» **Instructions for the task**
Exclude the pictures and set down, unaltered, the lines from the one that holds "Décoration papier rose" through the end of the data.

[Records from a collection]
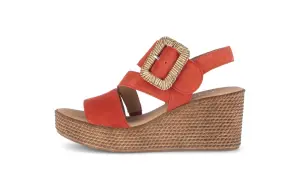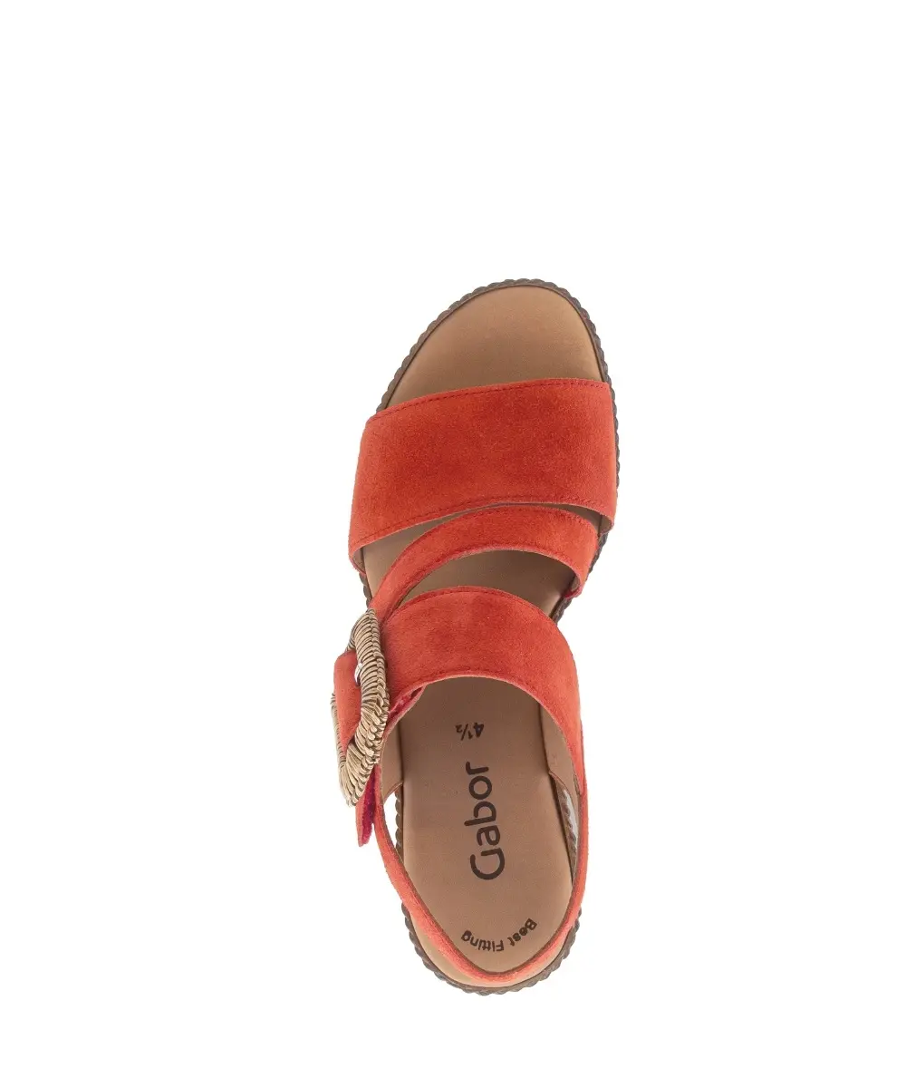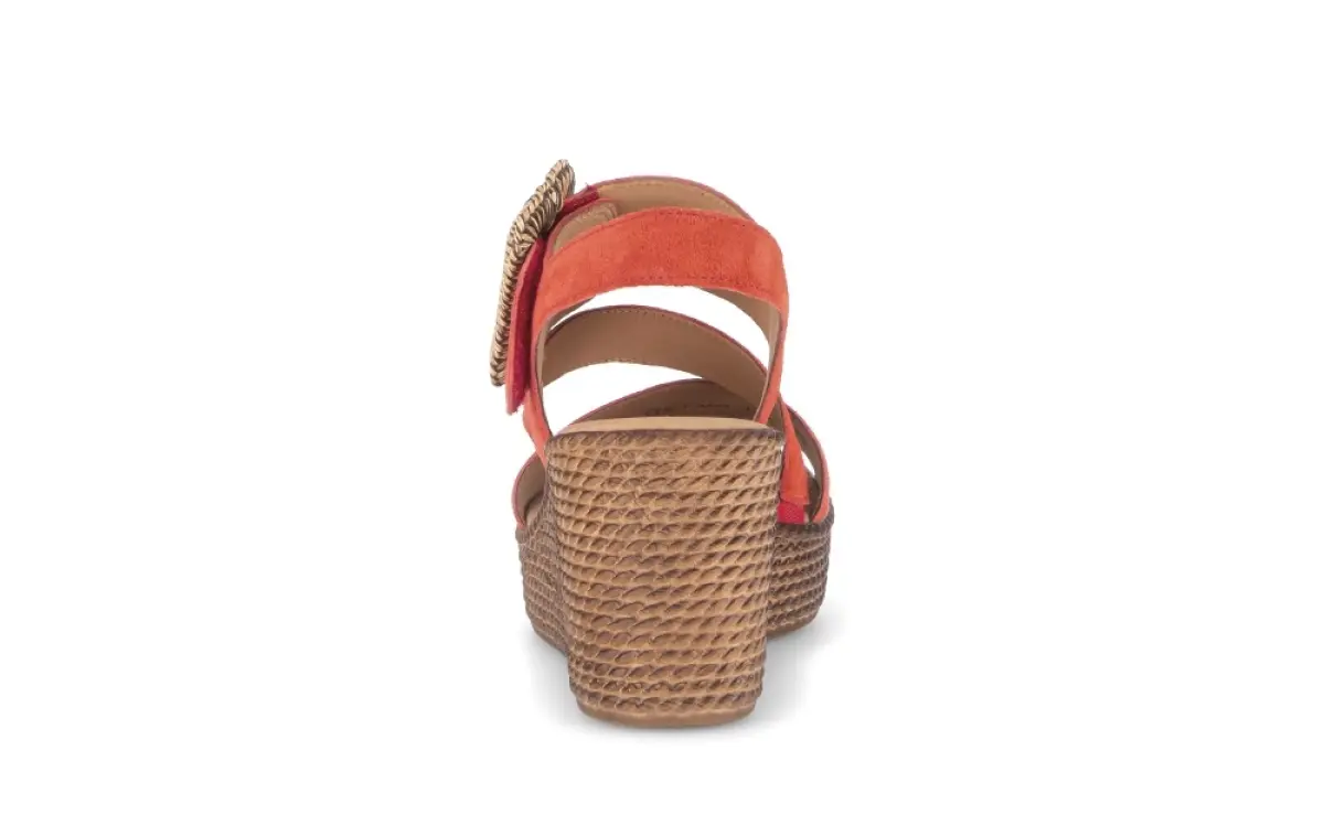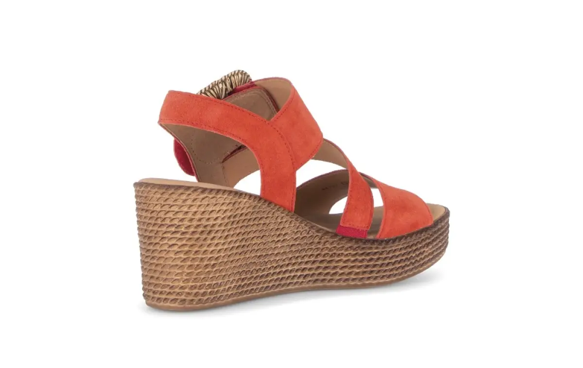Deze Gabor sleehak van rood velours brengt kracht, vrouwelijkheid en zomerse elegantie samen in één stijlvol ontwerp. De zachte velours banden voelen soepel aan en sluiten mooi rond je voet, waardoor je meteen een comfortabele pasvorm ervaart. De brede, gevlochten gesp geeft de sandaal een speels en modieus accent dat het geheel extra karakter geeft. Dankzij de Best Fitting wijdte F krijgt je voorvoet meer ruimte, wat het draagcomfort aanzienlijk verhoogt, ook op warme dagen. Het vaste voetbed is zacht gevoerd en ondersteunt de voet op natuurlijke wijze, zodat je moeiteloos de hele dag kunt stappen. De warme rode tint zorgt voor een opvallende, frisse look en combineert prachtig met natuurlijke tinten, wit of denim. Deze sleehak is ideaal voor een kleurrijke, elegante zomeroutfit.
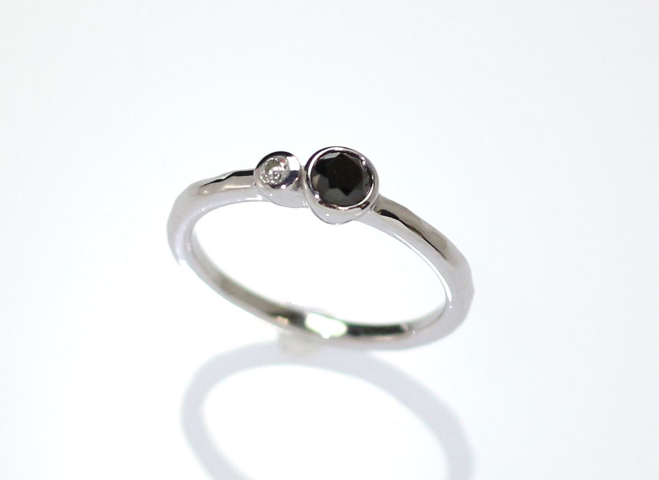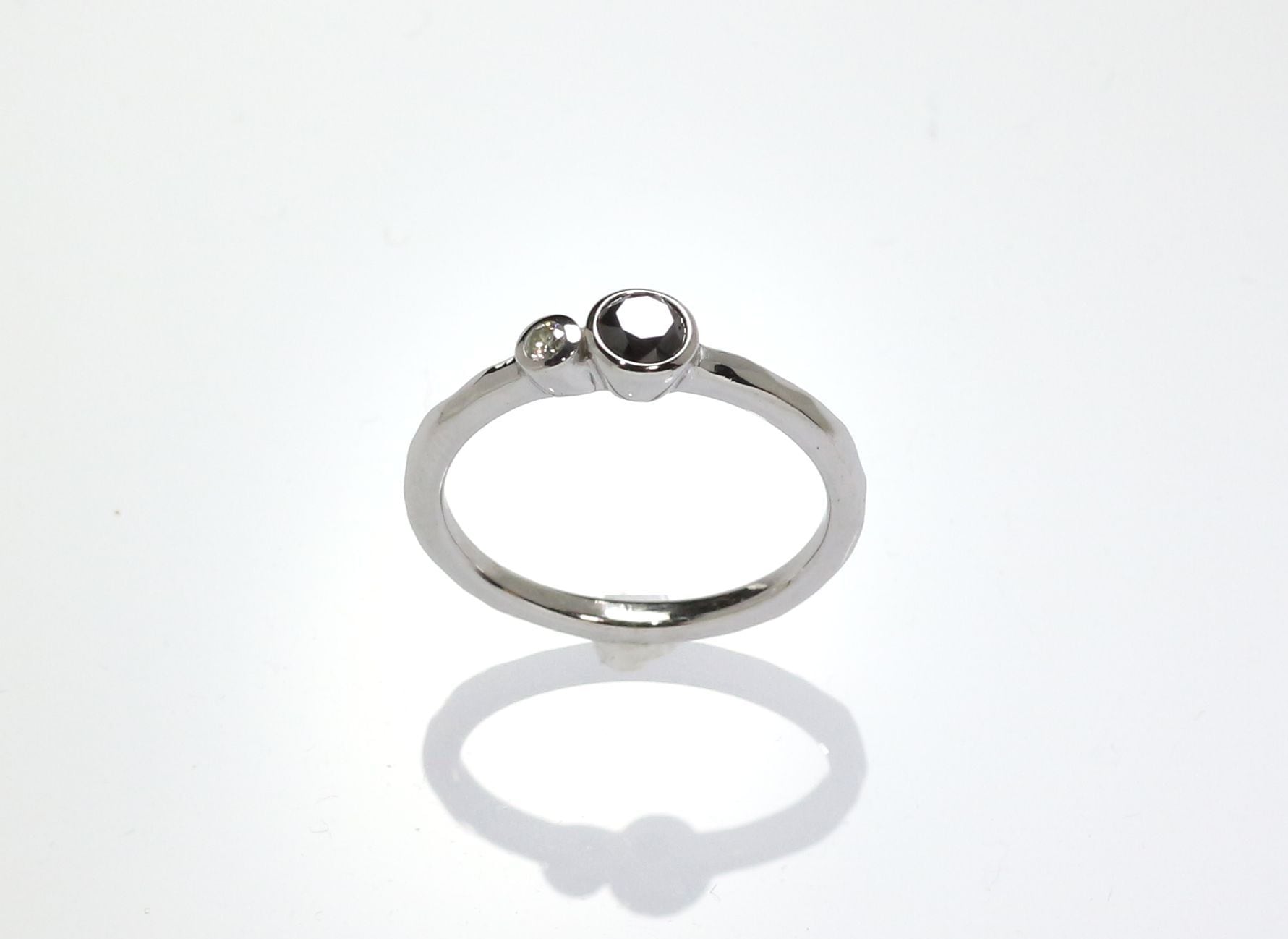 ブラックダイヤモンドをより引き立てるよう脇に一粒のダイヤモンドをセットしデザインいたしました。
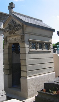 La chapelle Saint-Sa« ns a été vandalisée : la porte fracturée, les deux bougeoirs et la croix de l’autel (tous les trois en marbre,) deux vases et une jardinière en porcelaine volés. Les plaques nominatives (elles aussi en marbre, déformées (bombées) par le vent et la pluie qui entrent par une porte désormais ouverte ) vissées sur les murs latéraux tombent en poussière et bientôt en miettes !...........Et sans rire, il y a, à l’entrée du cimetière (entrée par le d Edgar-Quinet) un bâtiment dit de "LA CONSERVATION", où les ricanements sont de mise s’il vous venait la prétentieuse idée de signaler cet état de fait !
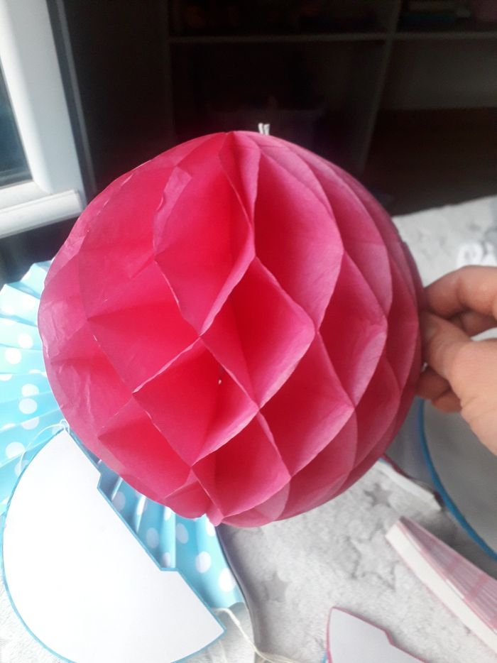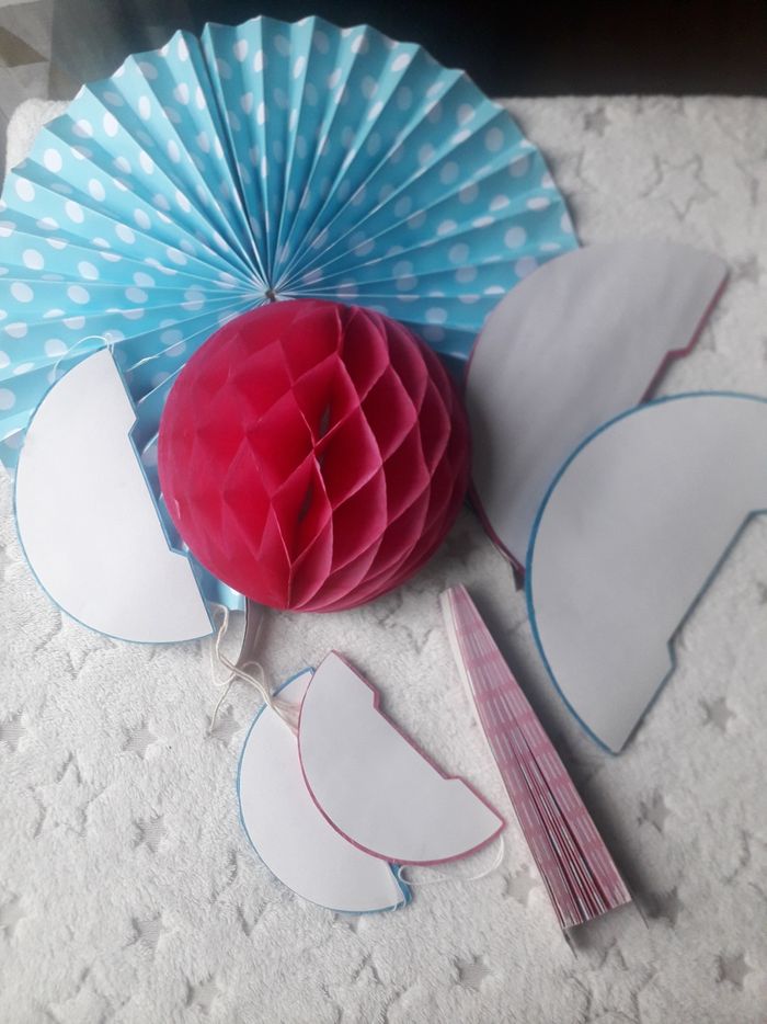 Décoration papier rose et bleu, plusieurs tailles et formes (boules et disques). Idéal gender reveal / grossesse / baby shower
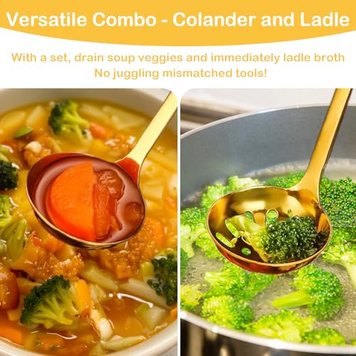 - 2-in-1 Versatility: Soup Ladle and Slotted Spoon,the stainless steel soup ladleeffortlessly serves broths and sauces,while theslotted spoon for cookingstrains solids like meats, veggies,or noodles. Together, they streamline tasks like servinghot potdishes,stirring stews,or draining pasta

» **Solution**
 Décoration papier rose et bleu, plusieurs tailles et formes (boules et disques). Idéal gender reveal / grossesse / baby shower
 - 2-in-1 Versatility: Soup Ladle and Slotted Spoon,the stainless steel soup ladleeffortlessly serves broths and sauces,while theslotted spoon for cookingstrains solids like meats, veggies,or noodles. Together, they streamline tasks like servinghot potdishes,stirring stews,or draining pasta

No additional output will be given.